JAKARTA - Sebut saja para pahlawan dan tokoh nasional yang ikut memerdekakan bangsa dan negara yang bernama Indonesia ini, kalau tidak bisa dikatakan semuanya berlatar belakang Jurnalis, maka sebagian besar mereka adalah penulis yang aktif menyuarakan hak azasi yang tertindas.
Mulai dari Soekarno sampai dengan Bung Kecil Sutan Syahrir adalah jurnalis atau penulis aktif.
Para pahlawan ini sangat serius dan gencar menyuarakan kemerdekaan, dan kesetaraan bagi semua manusia di muka bumi tanpa membedakan kasta dan profesi.
Para jurnalis pejuang ini meninggalkan legacy kemerdekaan bagi bangsa dan negara ini, sehingga bisa mengurus urusannya sendiri di tanah air yang satu, Indonesia.
Setelah negara ini dinyatakan merdeka, dan diurus oleh bangsanya sendiri, apakah kemerdekaan itu benar-benar terjadi dan dinikmati oleh semua rakyat dan profesi yang ada di negara ini? Sebuah pertanyaan yang perlu dijawab dengan hati-hati, karena kebebasan atau kemerdekaan berpendapat sudah mulai dikebiri, dengan berbagai cara dan intimidasi.

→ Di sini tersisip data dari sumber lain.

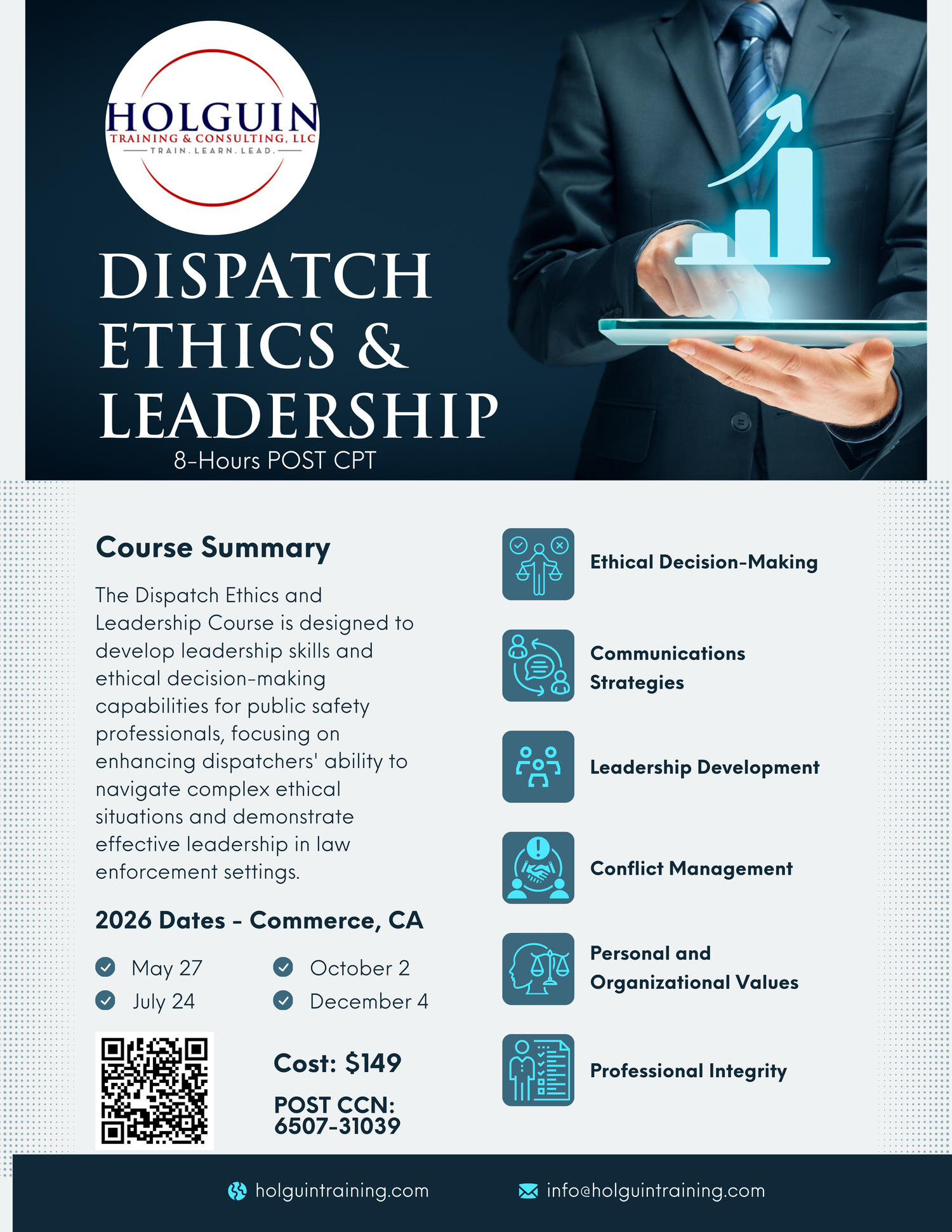 Holguin Training & Consulting, LLC provides specialized training and consulting services for emergency dispatchers, law enforcement, private security, and private companies. Founded by industry experts, HTAC is committed to helping professionals enhance their strategic communication, leadership, and crisis management skills.
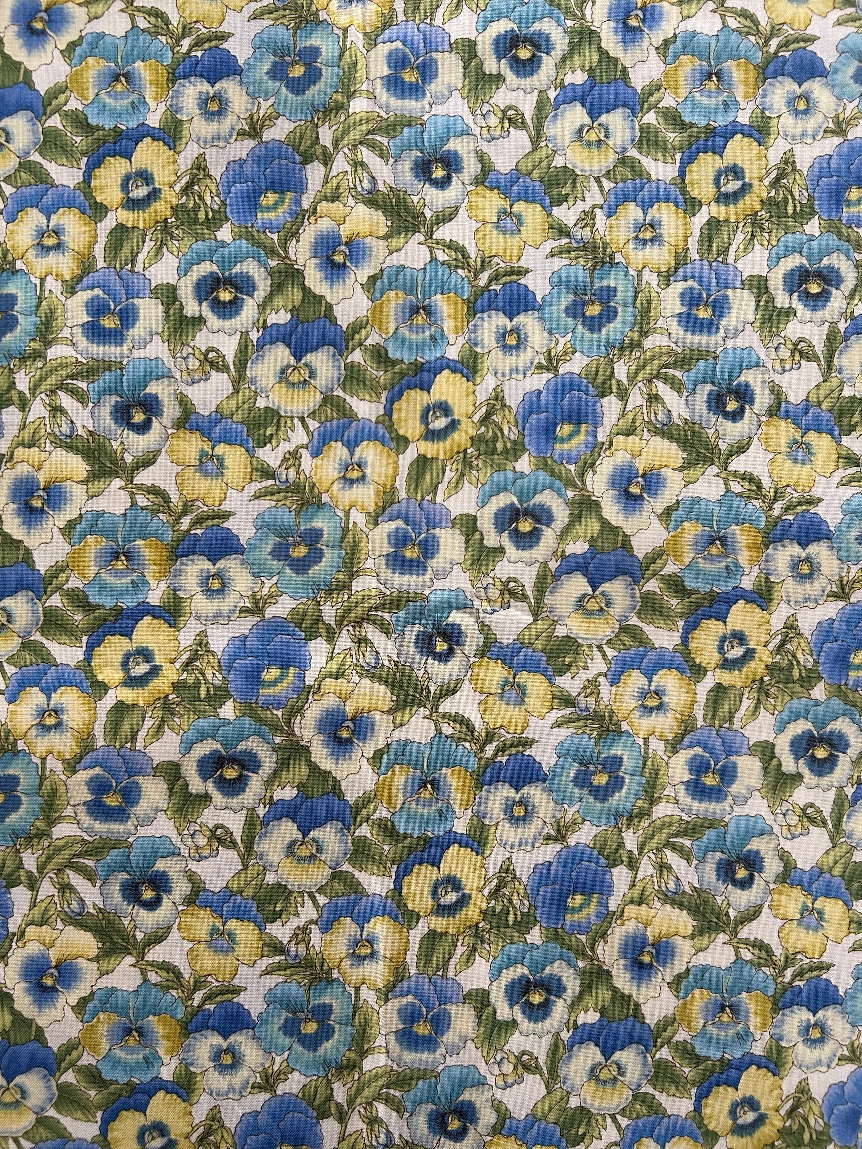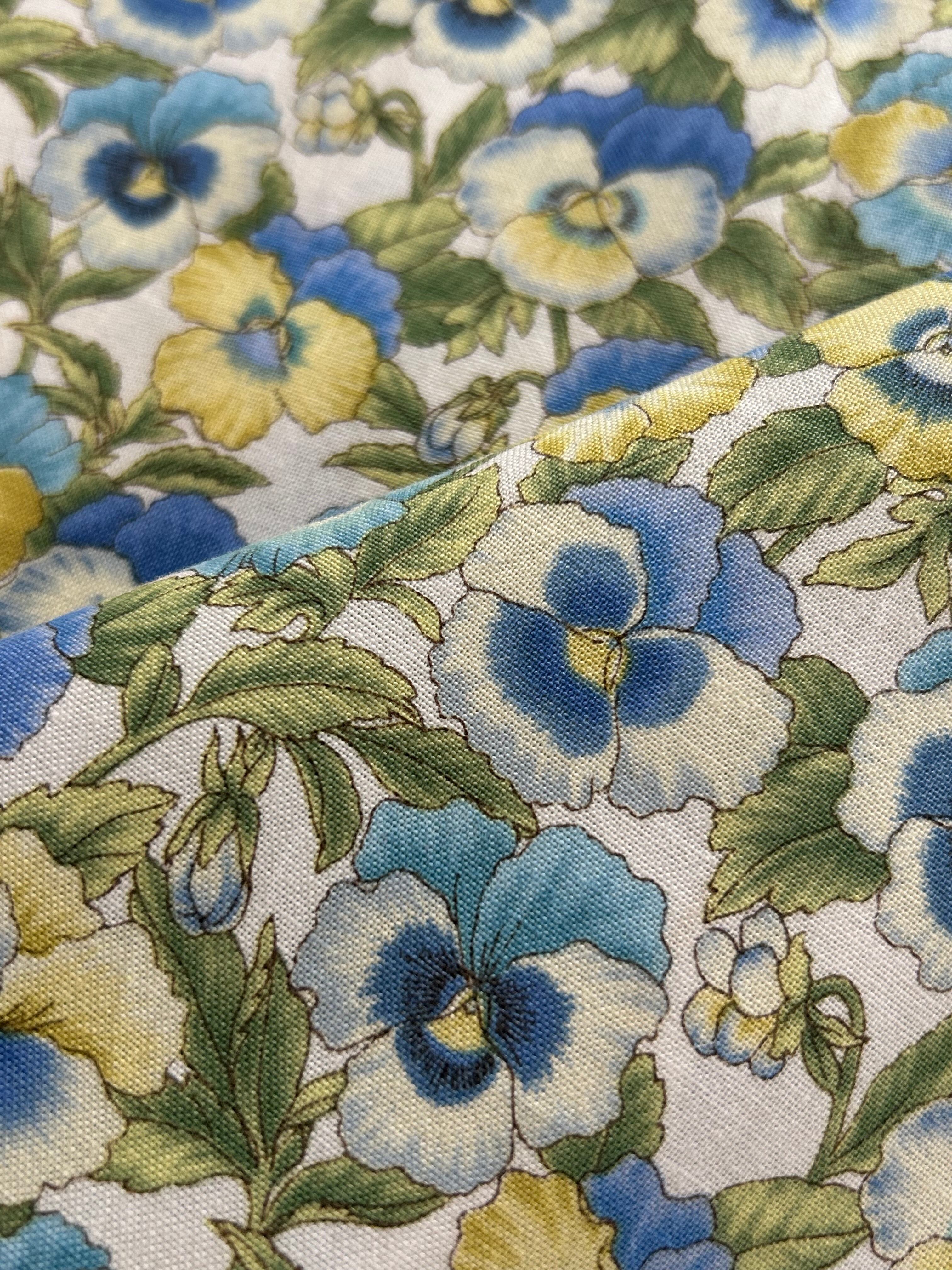 USA 輸入コットンファブリック パンジー柄 寒色系 ブルー系のパンジー 総柄 カルトナージュ
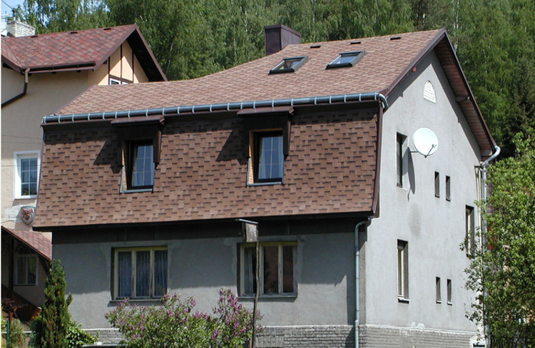 Верхний слой мягкой кровли, хорошо видимый на фото, покрыт натуральными каменными гранулами, защищающими кровлю от негативных внешних воздействий и обеспечивающими ее сохранность на многие десятилетия.
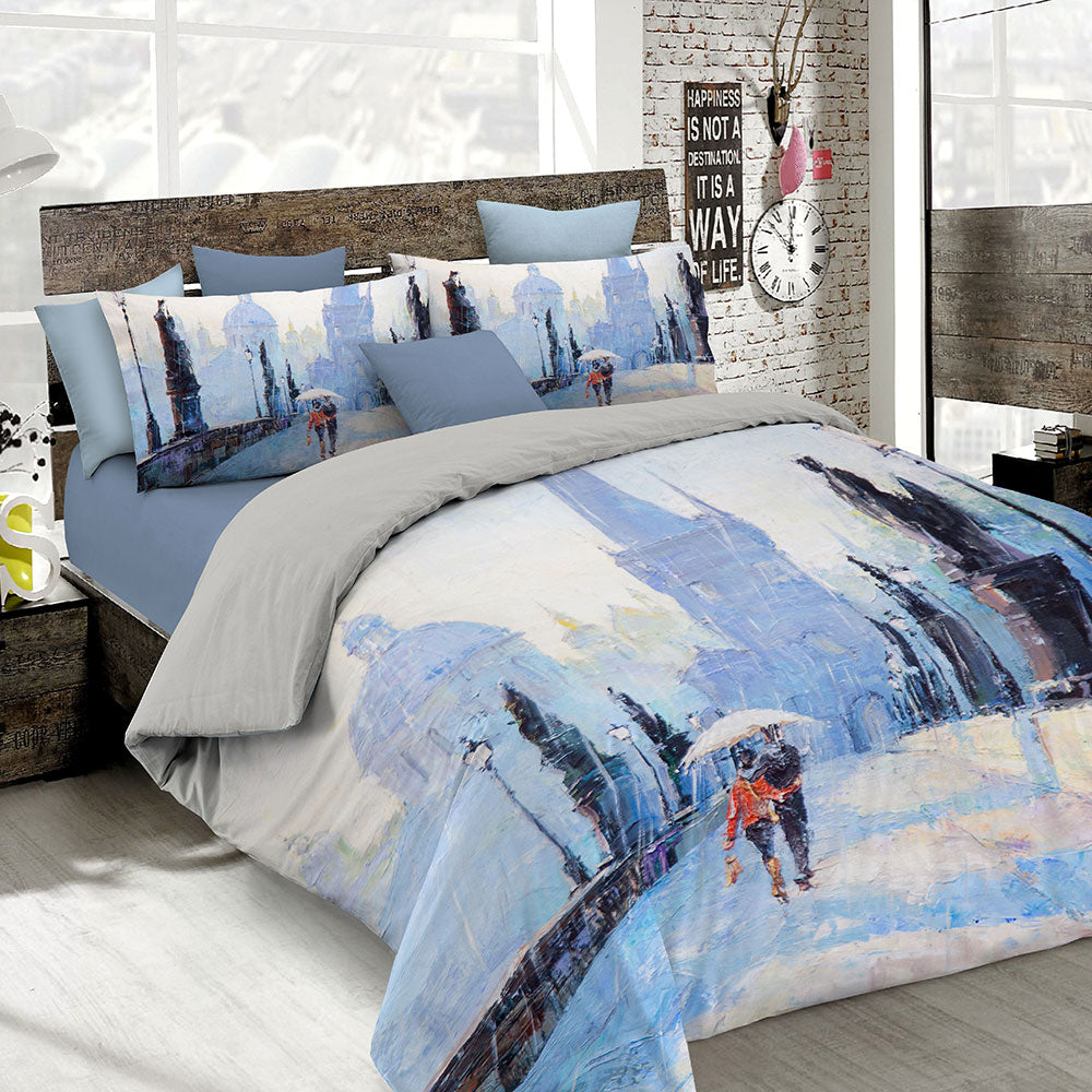 Parure de lit imprimée numériquement composée d' une housse de couette et de taies d'oreiller . Idéal pour ceux qui veulent habiller leur lit avec des images originales et uniques. Cette collection est représentée par des produits de haute qualité caractérisés par des impressions numériques sur des tissus 100% coton qui mettent en valeur chaque détail de l'image qui est lumineuse, définie et surtout solide au lavage. Étudié, assemblé et cousu entièrement en Italie , l'imprimé est positionné au centre du sac et des taies d'oreiller.
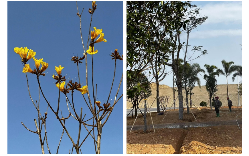 2023年3月12日,東粵環(huán)保的生產(chǎn)區(qū)域煥然一新。生產(chǎn)樓大門前的狐尾椰子樹,搖曳生姿,獨(dú)領(lǐng)風(fēng)騷;一旁的桂花樹,沉靜內(nèi)斂,毫不遜色;與其相陪襯的還有灰莉球、黃金葉球等,象征著樸素自然、清潔純凈。最引人矚目的莫過(guò)于黃花風(fēng)鈴木,黃色的花蕾映照綠樹婆娑的身影,更顯生機(jī)活力,象征感恩的寓意。
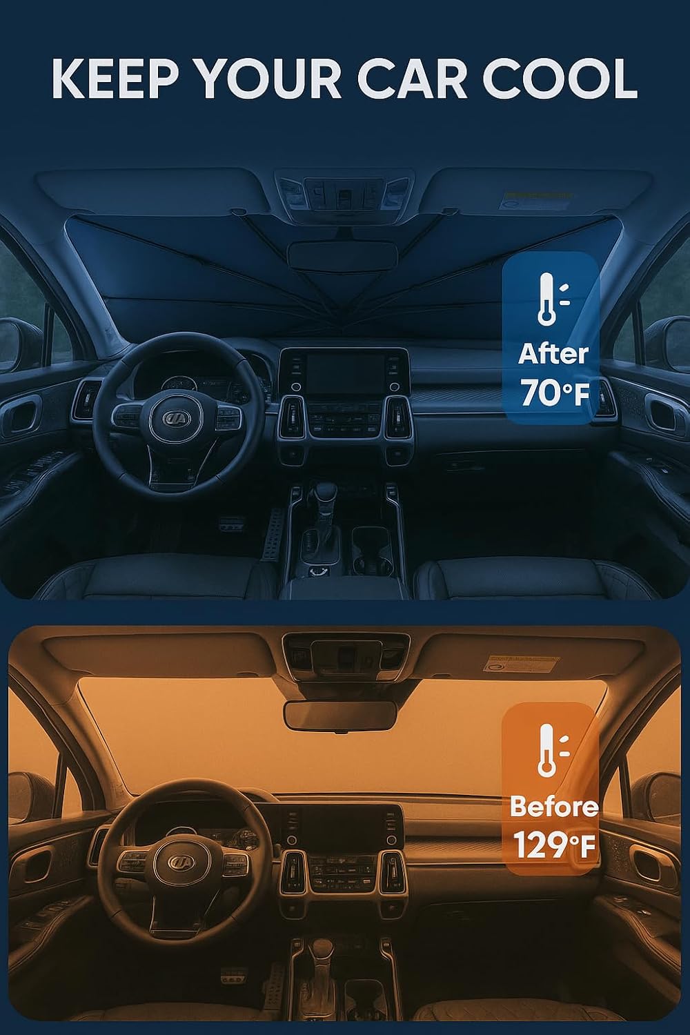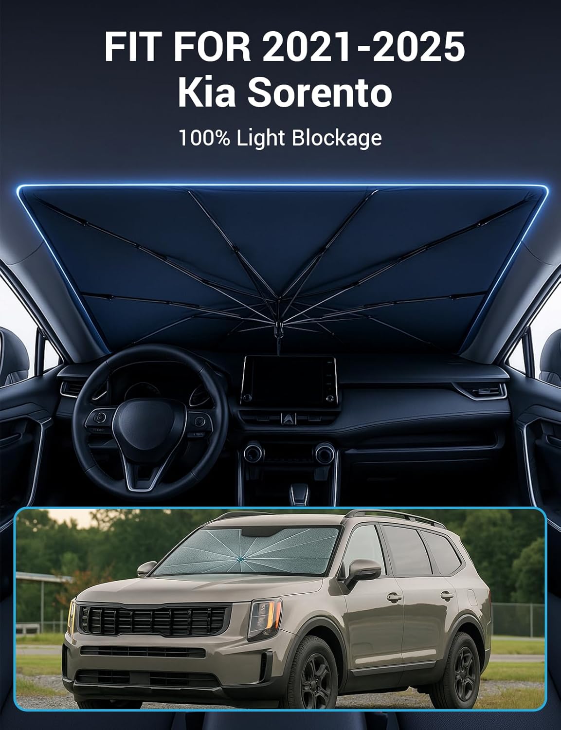 - Certified Sustainable. Customized Windshield Sunshade: Specially designed for the 2021-2025 Kia Sorento with precise mirror cutouts, providing 100% shading, carbon fiber handle, ensuring lightweight and durability while also having a fashionable feel. Our Sorento windshield sunshade can protect the interior of your car from various light damage and prevent dashboard and seat degradation.

Apakah saat ini para jurnalis ini bebas dalam menjalankan profesinya? Apakah para jurnalis ini bebas berkarya dan karyanya dihargai? Apakah para jurnalis ini tidak didiskriminasi dalam berusaha dan berkehidupan sebagai pejuang amanat penderitaan rakyat?
Atau hanya sebagai tangga naik saja bagi para politisi dan birokrat dalam membangun opini dan pencitraan diri belaka.
Begitu banyak eksploitasi yang dilakukan terhadap jurnalis, mulai sertifikasi yang dimonopoli, sampai banyak aturan yang membatasi dalam ikut berekonomi dalam bisnis informasi, dan jurnalis tetap diam dalam ketakutan.
Bersuara adalah tiket untuk masuk penjara, dengan delik pencemaran nama baik bagi para maling uang negara yang bisa membeli hukum dengan hasil rampasannya.
Idealnya, jika sertifikasi profesi diterapkan bagi para jurnalis harus bisa digunakan sebagai dasar hukum untuk berpraktek sebagai seorang jurnalis, sama halnya dengan seorang dokter yang bisa berpraktek tanpa harus mendirikan Perusahaan berbadan hukum atau PT.
Tak ada perbedaan dalam menjalankan profesi, dokter dan jurnalis sama-sama berpraktek dengan kode etik. Dokter mengikuti kode etik kedokteran, sementara jurnalis mengikutik kode etik jurnalistik.
Tapi apa yang terjadi, Dokter bisa berpraktek mandiri dengan sertifikat izin praktek dari asosiasi, sementara jurnalis setelah sertifikasi masih perlu Perusahaan berbadan hukum dengan kewajiban Pemimpin Redaksi bersertifikat Wartawan Utama.
Sampai kapan aturan yang memasung kebebasan dan kemerdekaan, serta diskriminasi terhadap profesi jurnalis ini terjadi, bahkan diterapkan oleh kawan seprofesi sendiri.
Selamat Hari Pers Nasional (HPN) 09 Februari 2021.
Sudahkah kita para jurnalis merdeka di Hari Pers Nasional 2021 ini?